現代はVUCA時代と呼ばれる、将来の予測が困難な時代となっています。市場もグローバル化し、ビジネスモデルの衰退や転換、持続的な新規事業の開発など多くの組織が経営課題を抱えています。マニュアルワーカーと呼ばれる単純作業を正確にこなす人材よりも、ナレッジワーカーと呼ばれる知恵や知識を使って企業に付加価値をもたらす人材の育成が解決策として提案されています。ナレッジワーカーは高度な専門知識を活用することが求められるため、業務のスペシャリスト育成は重要な経営課題とも言えます。
サーキュレーションの調査によると、人的課題について、プロフェッショナル人材が必要だと思うと回答した部長職以上の会社員は8割以上になっています。
出典元『株式会社サーキュレーション』ビジネスパーソン600人に聞いた「働き方」に関する意識調査
学び直しを行っている社会人学生の特徴として「専門的知識」を習得したいと回答する人が最も多くなっています。
今回は専門的な知識を持つ人材とのコミュニケーションが欠かせない「トランザクティブメモリー」について説明します。
トランザクティブメモリーとは?なぜ重要なのか
トランザクティブメモリーとは、1980年代半ばに、ハーバード大学の社会心理学者、ダニエル・ウェグナーによって確立された概念で、「誰が何を知っているかを認識すること」です。
組織内の共有において、組織の全員が同じことを知っていることではなく、「組織の誰が何を知っているか」いわゆる「Who knows What」を組織の全員が知っていることが重要であると唱えました。
会社の中には人事部や開発部、営業部など様々な部署や職種があり、それぞれの専門知識を兼ね備えた人材がいるはずです。上司などを含め「誰に聞いたら分かるのか」を知っている状態と知らない状態では、組織のパフォーマンスに大きな違いが生まれてしまいます。
トランザクティブメモリーの目的について
トランザクティブメモリーの目的は、組織の活性化や業務の効率化です。組織活性化のために組織内で情報を共有することは一般的に行われているかと思いますが、一人ひとり覚えられる記憶量には限界があり、また全員が同じことを覚えているのは効率が良いとはいえません。
トランザクティブメモリーのように、組織メンバーがそれぞれ何らかの専門分野のスペシャリストになれば「この分野はこの人が詳しい」ことを組織で共有することで、組織の役割は最大化され、組織活性化と効率化が進み、より業務スピードが上がっていくでしょう。
トランザクティブメモリーを活用する企業としてのメリットとは
トランザクティブメモリーの企業のメリットとして、組織学習の拡大による組織力最大化が挙げられます。組織が大きくなり仕事も増えていくと、必要となる組織学習の量は拡大していきます。そうなると覚える量や共有する量も増えていき、組織内一人ひとりにその内容を把握させることは非効率となっていきます。

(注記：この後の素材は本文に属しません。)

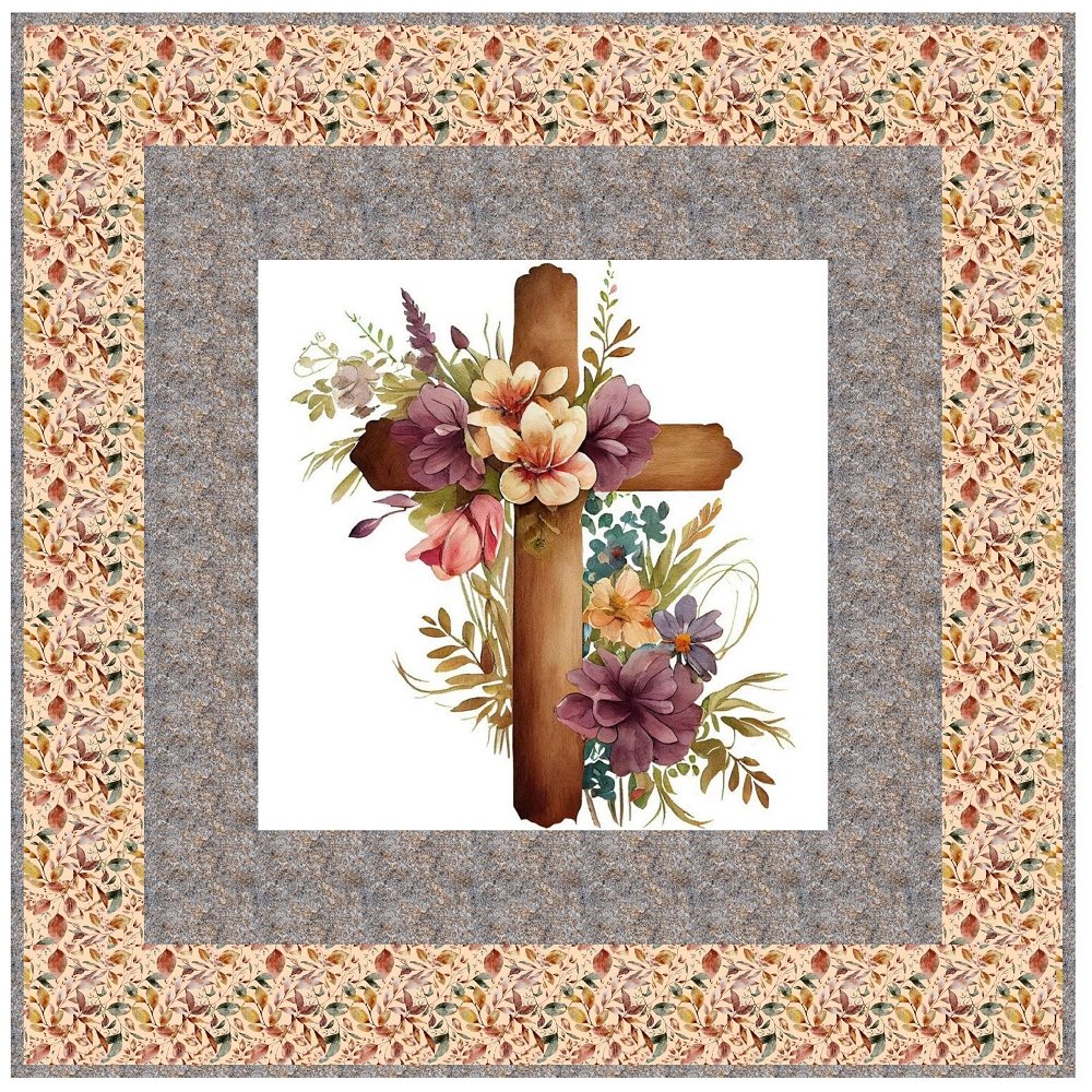 The Flowering Wood Cross Wall Hanging includes everything that you need to make the quilt - the instructions and a total of 3 1/2 yards of fabric and a 23" panel. It has two borders and is finished with a flange binding. Batting is sold separately. The finished size of this quilt is 42" x 42".
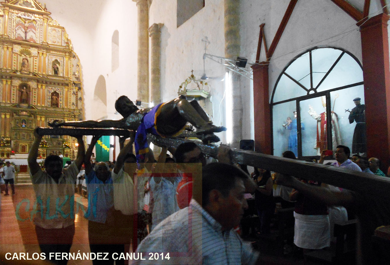 Cuando se abrieron las puertas del nicho, el vicario de la parroquia, Pbro. Manuel May Euán, inciensó la imagen, para luego iniciar las difíciles maniobras dirigidas por Manuel Briceño Blanco; ayudantes Alfredo Cuevas, Manuel López Trejo, Genaro Cocom, Ernesto Ávila Segovia y otros, quienes cada año auxilian en esta bajada. Al traspasar la puerta de la capilla, la imagen asomó en la nave central del templo; se escucharon aplausos, tronar de voladores. El coro “Shalom” entonaba el Himno al Cristo (escrito por Jorge Anchevida Chan). Una vez en el centro del recinto, el pesado crucifijo fue sacado de su base, y en hombros se le trasladó hasta un catafalco instalado en el centro del templo.

トランザクティブメモリーでは、それぞれの分野に詳しい専門家を配置し「この問題の解決にはこの人に確認する」という情報を共有するのみになるため、膨大な量を覚える必要がなくなり効率的です。組織全体で共有したいことだけを共有することになるので、会社が伝えたいことや大切にしたいことがシンプルにわかりやすくなる利点もあります。
トランザクティブメモリーを活用する従業員としてのメリット
トランザクティブメモリーの従業員側のメリットとして社員同士のコミュニケーションが活発化し組織が活性化することが挙げられます。誰がどの分野に詳しいのか把握する必要があるため社員同士の交流が広がるでしょう。また自身もある分野を担当するため責任感が増し、より一層仕事に対して取り組むことができます。新しい情報や知識を、より深く知るために学習をすることも増えるでしょうし、自身のスキルアップにも繋がります。
ダイバーシティーも社内に広がることで、様々な意見に触れることができ刺激を受けることにも繋がります。
トランザクティブメモリーが高い企業ほどパフォーマンスが高くなる
トランザクティブメモリーとは組織学習に関する概念であり、全員がすべてのことを知っておくわけではなく、誰が何を知っているのかを共有して把握していることです。
専門家などのスペシャリストが多い組織では非常に重要な概念であり、トランザクティブメモリーが高い企業であるほどパフォーマンスが高い傾向にあります。各従業員がどのような知識に長けているか、その情報を知りたい場合にコミュニケーションは円滑に行えるかなどの視点でトランザクティブメモリーを高めていくことが重要でしょう。